Fazekas F, Strasser-Fuchs S, Kollegger H, Berger T, Kristoferitsch W, Schmidt H, Enzinger C, Schiefermeier M, Schwarz C, Kornek B, Reindl M, Huber K, Grass R, Wimmer G, Vass K, Pfeiffer K H, Hartung H P, Schmidt R
Department of Neurology, Karl-Franzens University, Graz, Austria.
Neurology. 2001 Sep 11;57(5):853-7. doi: 10.1212/wnl.57.5.853.
The apolipoprotein E (APOE) polymorphism is known to impact on various neurologic disorders and has differential effects on the immune system and on CNS repair. Previous findings concerning a possible modulation of the clinical course of MS have been inconsistent, however.
In a cross-sectional study, the authors investigated 374 patients with clinically definite MS and a disease duration of at least 3 years and related their clinical and demographic findings to the allelic polymorphism of the APOE gene. The genotype distribution of patients with MS was compared with a cohort of 389 asymptomatic, randomly selected elderly volunteers.
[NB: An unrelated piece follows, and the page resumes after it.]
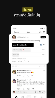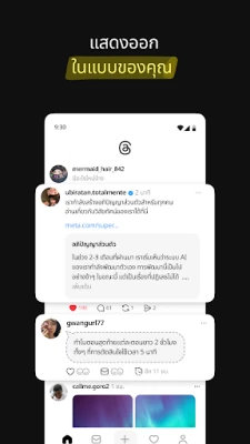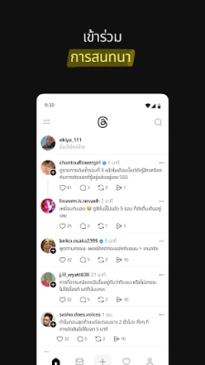 Threads ชวนคุณก้าวเข้าสู่มิติใหม่แห่งการสนทนา ที่ซึ่งทุกหัวข้อที่คุณหลงใหลและทุกกระแสที่คุณอยากตามทันมารวมกันเป็นหนึ่งเดียว ไม่ว่าจะเป็นความสนใจเฉพาะทางไปจนถึงเรื่องราวระดับโลก คุณจะได้พบกับพื้นที่ที่เปิดกว้างสำหรับการแลกเปลี่ยนความคิดเห็น การแบ่งปันแรงบันดาลใจ และการสร้างสรรค์สิ่งใหม่ๆ เชื่อมโยงกับครีเอเตอร์ที่คุณชื่นชอบและผู้คนที่มีความหลงใหลเดียวกัน หรือเริ่มต้นคอมมูนิตี้ของคุณเองเพื่อเผยแพร่เรื่องราวและไอเดียสุดพิเศษสู่สายตาชาวโลก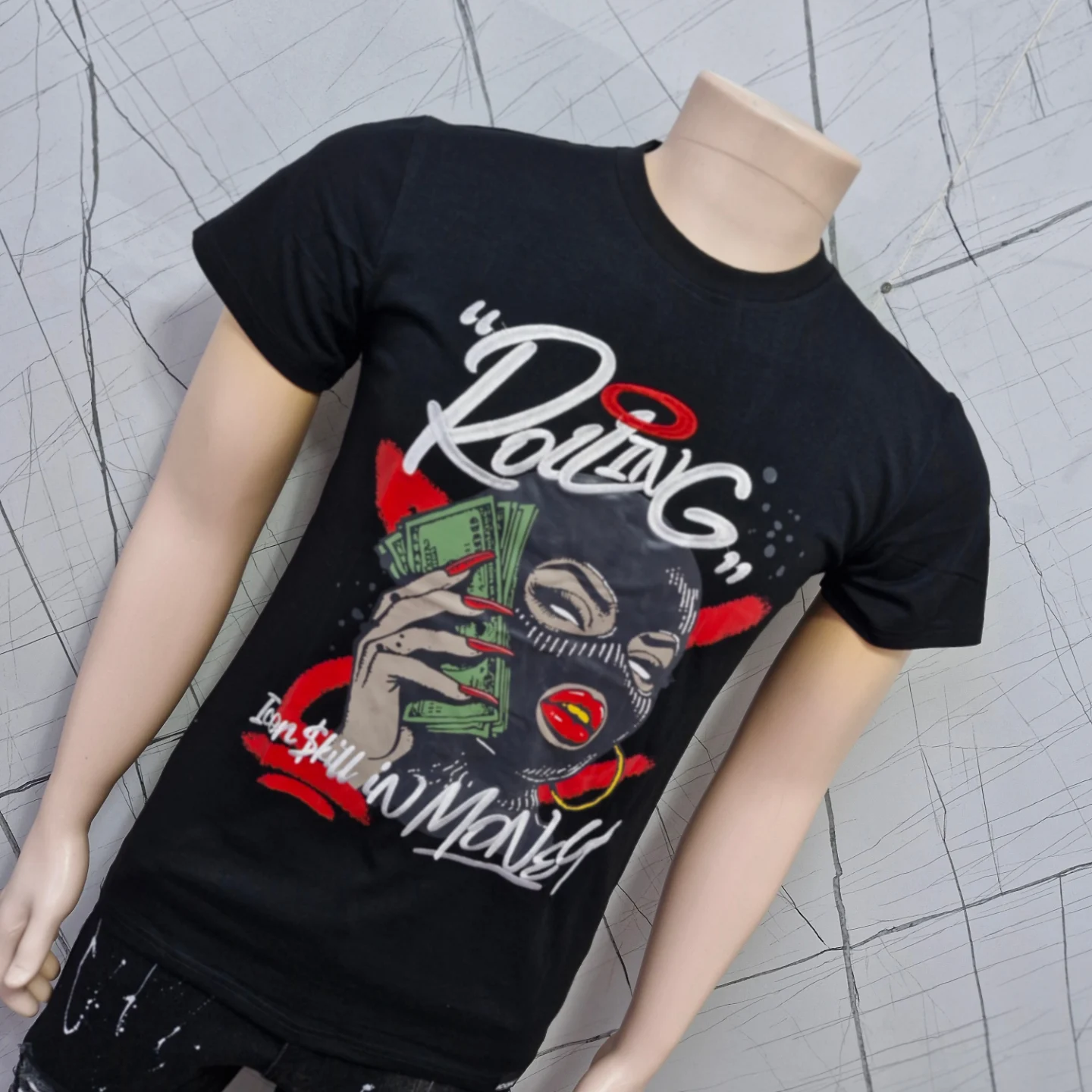 This black t-shirt features a graphic print with the text “Rolling” and an image of a person wearing a ski mask and holding money. The print also includes the text “Ion Still In Money”. This is a short-sleeved, crew neck t-shirt. Material is not specified.

The authors found no significant differences in the distribution of genotypes between patients with MS and controls. However, patients with MS with the epsilon4 allele (n = 85) had a significantly higher progression index of disability (0.46 +/- 0.4 versus 0.33 +/- 0.26; p < 0.004) and a worse ranked MS severity score (5.1 +/- 1.9 versus 5.7 +/- 1.7; p = 0.05) than their non-epsilon4 counterparts, despite significantly more frequent long-term immunotherapy in epsilon4 carriers (74% versus 58%; p < 0.007). The annual relapse rate in epsilon4 carriers (0.87 +/- 0.56) was significantly higher than in patients with MS without an epsilon4 allele (0.71 +/- 0.47; p = 0.03).
These results suggest no effect of the APOE genotype on susceptibility to MS, but indicate an association of the APOE epsilon4 allele with a more severe course of the disease.